◆ **Task prompt**
Write out every entry, unchanged. Skip any picture.

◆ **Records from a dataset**
<<<<

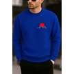 Kırmızı Dağ Baskılı Bisiklet Yaka Sweatshirt Saks Mavisi
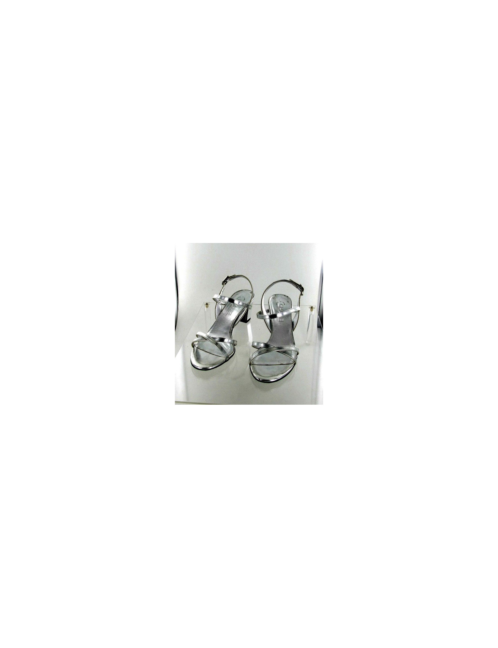-350.00 € Last items in stock PUMPS - WEDGES CHANEL t 37 in silver python sandals CHANEL 31602 350.00 € 700.00 € Sandals silver scales Python 37 CHANEL; Heel height: 9 cm, heels, inside length of the sole in liege 24 cm, outer width of the footing 7. 5 cm. There is a double "c" on the back of the shoe silver ring and the heel is mix of a big black Mole.They will be delivered in their box Chanel. Add to cart
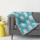 Playful polar bears in Santa hats float on icy blue seas surrounded by igloos, fish, and snowflakes. A cool Christmas favorite.
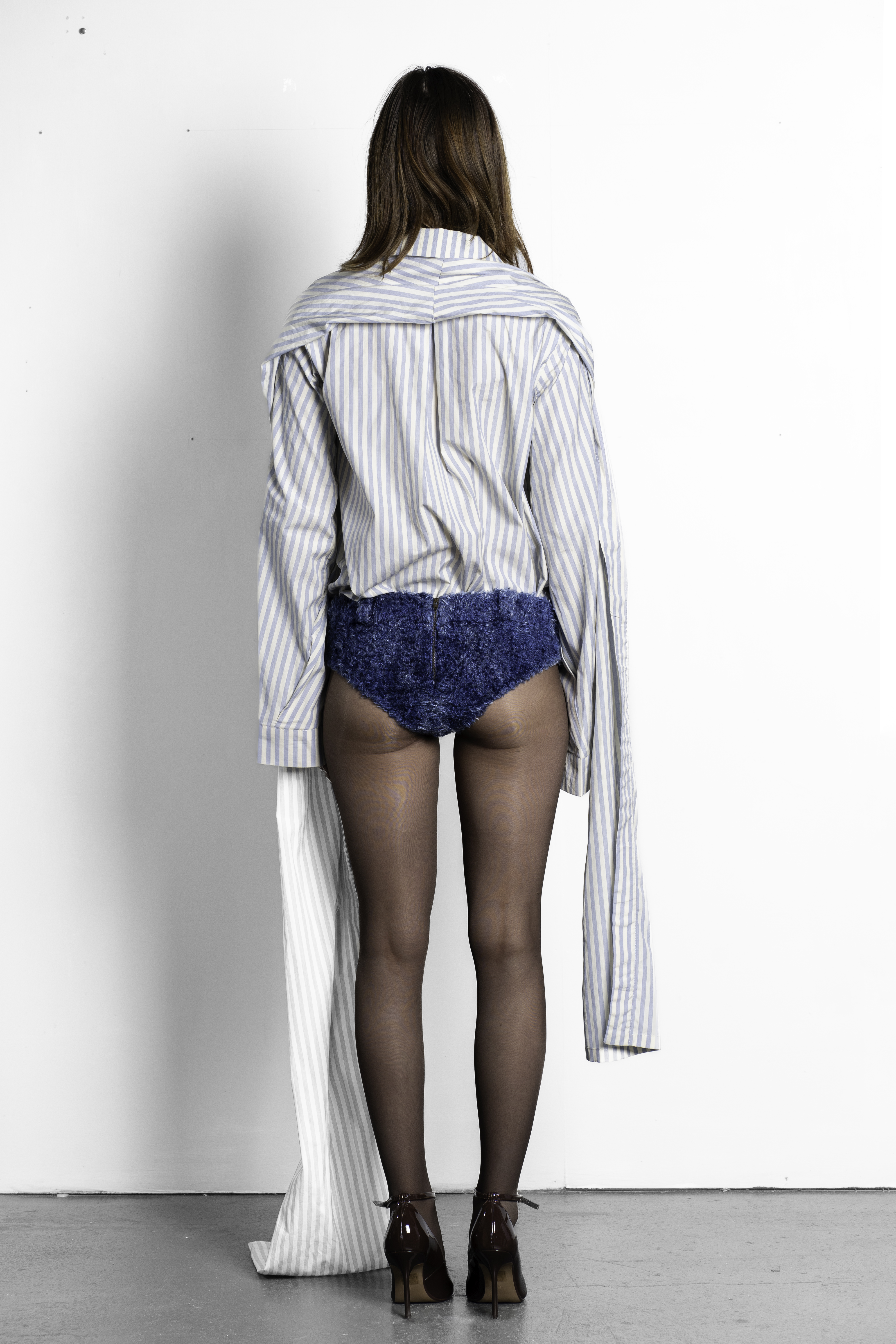 Faded indigo hot pant style mini made from fluffy ISKO denim.
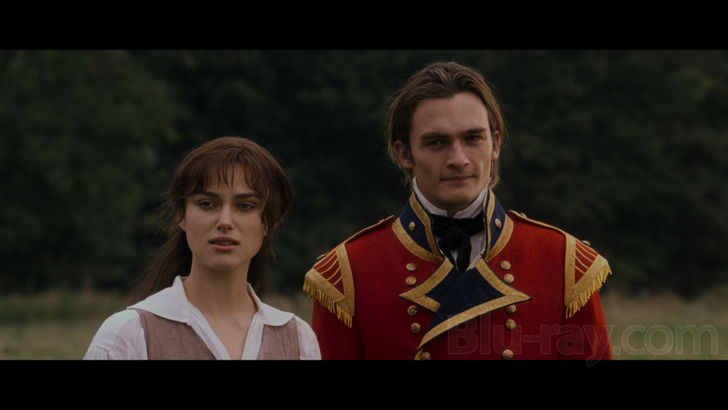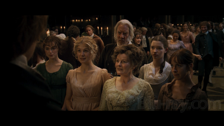 Originally shot on film, this 4K upscale with Dolby Vision looks positively sumptuous on 4K UHD. While the previous Blu-ray was warmly received upon its initial review in 2010, this new 2160p presentation bests it in every regard, appearing wonderfully filmic and looking terrific in motion. Colors more deeply and richly saturated, whether they be the lush greens of the natural world, the rainbow of colors of women's dresses, and the vibrant, but not egregiously so, red of Mr. Wickham's military uniform. Whites dazzle, and blacks are typically deep and inky. Shadows, in all of their various gradations, allow for investigation and reveal their contents to varyingly appropriate degrees. Due to the numerous candlelit and sunlit scenes, there is a honeyed warmth to virtually every scene. Fine detail is consistently high, with lacey details of dresses, embroidery, and other clothing elements possessing a realistic tactile quality. Age and wear around the interior of the Bennet home and buildings are evident, helping to provide a deeper understanding of their economic situation. Environmentally, the same holds true, with exterior brickwork, mortar, woods, and wood grain all being discernible. Fine film grain is present and resolves naturally and without significant issue, though some very mild noise is visible on rare occasion, but one must be actively seeking it out to spot it. Skin tones are universally healthy and realistic. Depth and dimensionality are quite pleasing. Fans should be thrilled.
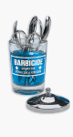 Barbicide Manicure Table Jar for convenient disinfection of nail implements, drill bits and accessories. The container is made of high quality, durable glass with stainless steel lid. Holds 4 fluid ounce 3 1/2 inch.
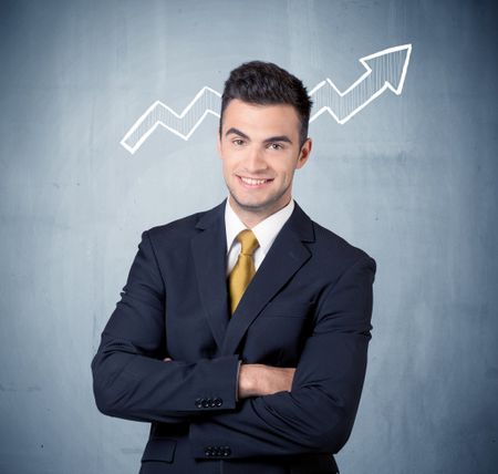 A handsome sales guy standing in front of a blue urban concrete wall with illustration of white graph chart arrows cocncept
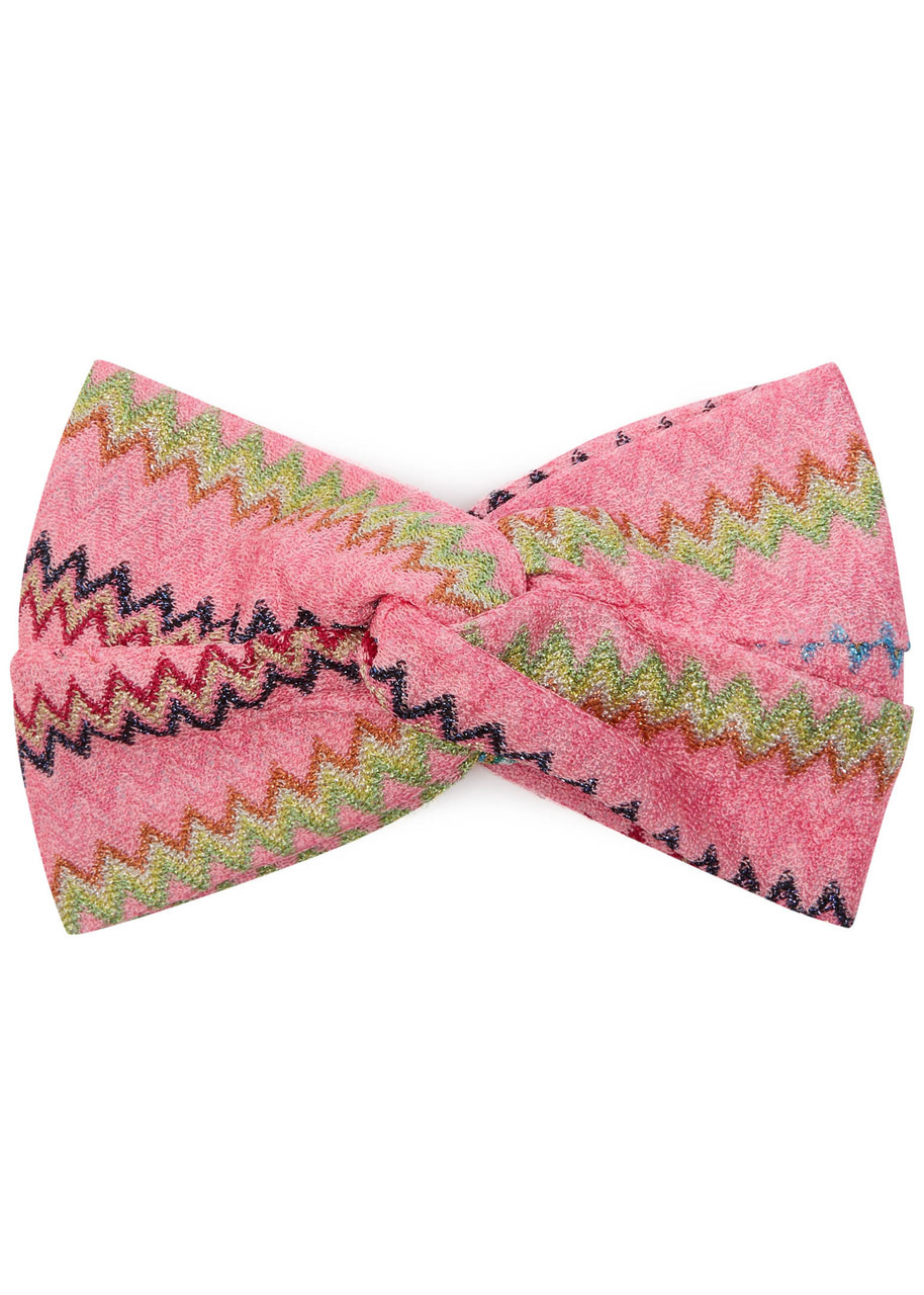 Info & Care Missoni knitted headband Zigzag intarsia, metallic weave, knotted design 90% viscose, 10% polyester Dry clean Size & Fit Width: 6.5 inches/ 16.5cm
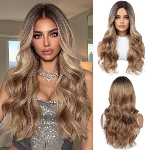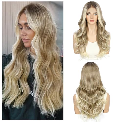 Esmee 24" Blond peruk Syntetiska peruker för kvinnor Mörka rötter lång peruk Brun Ombre Blond vågigt hår Realistisk simulering hårbotten mitten del för daglig fest användning
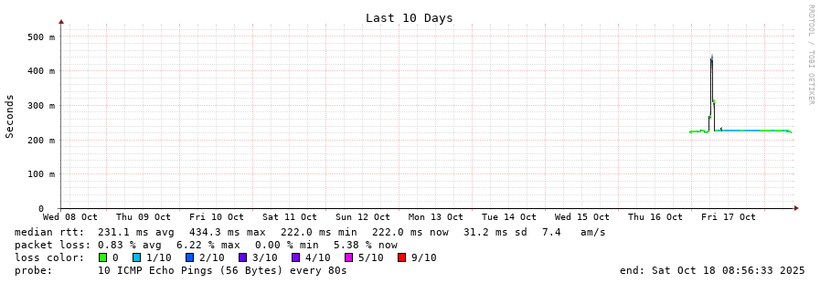 7 > 89.221.41.127 (89.221.41.127) [AS6762] 135.780ms 135.770ms 135.823ms
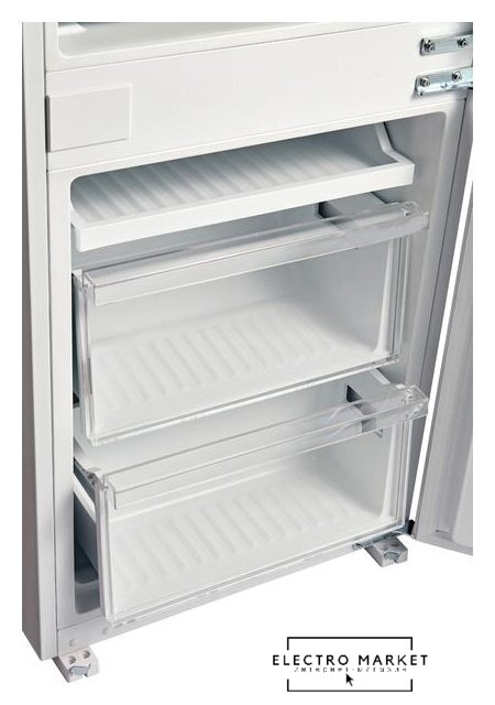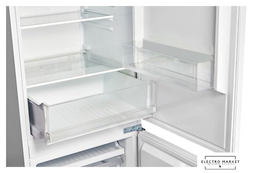 встраиваемый, полный No Frost, механическое управление, класс A+, полезный объём: 241 л (182 + 59 л), перенавешиваемые двери, лоток для яиц, 54x51x178.5 см, белый

>>>>

◆ **Task answer**
 Kırmızı Dağ Baskılı Bisiklet Yaka Sweatshirt Saks Mavisi
-350.00 € Last items in stock PUMPS - WEDGES CHANEL t 37 in silver python sandals CHANEL 31602 350.00 € 700.00 € Sandals silver scales Python 37 CHANEL; Heel height: 9 cm, heels, inside length of the sole in liege 24 cm, outer width of the footing 7. 5 cm. There is a double "c" on the back of the shoe silver ring and the heel is mix of a big black Mole.They will be delivered in their box Chanel. Add to cart
 Playful polar bears in Santa hats float on icy blue seas surrounded by igloos, fish, and snowflakes. A cool Christmas favorite.
 Faded indigo hot pant style mini made from fluffy ISKO denim.
 Originally shot on film, this 4K upscale with Dolby Vision looks positively sumptuous on 4K UHD. While the previous Blu-ray was warmly received upon its initial review in 2010, this new 2160p presentation bests it in every regard, appearing wonderfully filmic and looking terrific in motion. Colors more deeply and richly saturated, whether they be the lush greens of the natural world, the rainbow of colors of women's dresses, and the vibrant, but not egregiously so, red of Mr. Wickham's military uniform. Whites dazzle, and blacks are typically deep and inky. Shadows, in all of their various gradations, allow for investigation and reveal their contents to varyingly appropriate degrees. Due to the numerous candlelit and sunlit scenes, there is a honeyed warmth to virtually every scene. Fine detail is consistently high, with lacey details of dresses, embroidery, and other clothing elements possessing a realistic tactile quality. Age and wear around the interior of the Bennet home and buildings are evident, helping to provide a deeper understanding of their economic situation. Environmentally, the same holds true, with exterior brickwork, mortar, woods, and wood grain all being discernible. Fine film grain is present and resolves naturally and without significant issue, though some very mild noise is visible on rare occasion, but one must be actively seeking it out to spot it. Skin tones are universally healthy and realistic. Depth and dimensionality are quite pleasing. Fans should be thrilled.
 Barbicide Manicure Table Jar for convenient disinfection of nail implements, drill bits and accessories. The container is made of high quality, durable glass with stainless steel lid. Holds 4 fluid ounce 3 1/2 inch.
 A handsome sales guy standing in front of a blue urban concrete wall with illustration of white graph chart arrows cocncept
 Info & Care Missoni knitted headband Zigzag intarsia, metallic weave, knotted design 90% viscose, 10% polyester Dry clean Size & Fit Width: 6.5 inches/ 16.5cm
 Esmee 24" Blond peruk Syntetiska peruker för kvinnor Mörka rötter lång peruk Brun Ombre Blond vågigt hår Realistisk simulering hårbotten mitten del för daglig fest användning
 7 > 89.221.41.127 (89.221.41.127) [AS6762] 135.780ms 135.770ms 135.823ms
 встраиваемый, полный No Frost, механическое управление, класс A+, полезный объём: 241 л (182 + 59 л), перенавешиваемые двери, лоток для яиц, 54x51x178.5 см, белый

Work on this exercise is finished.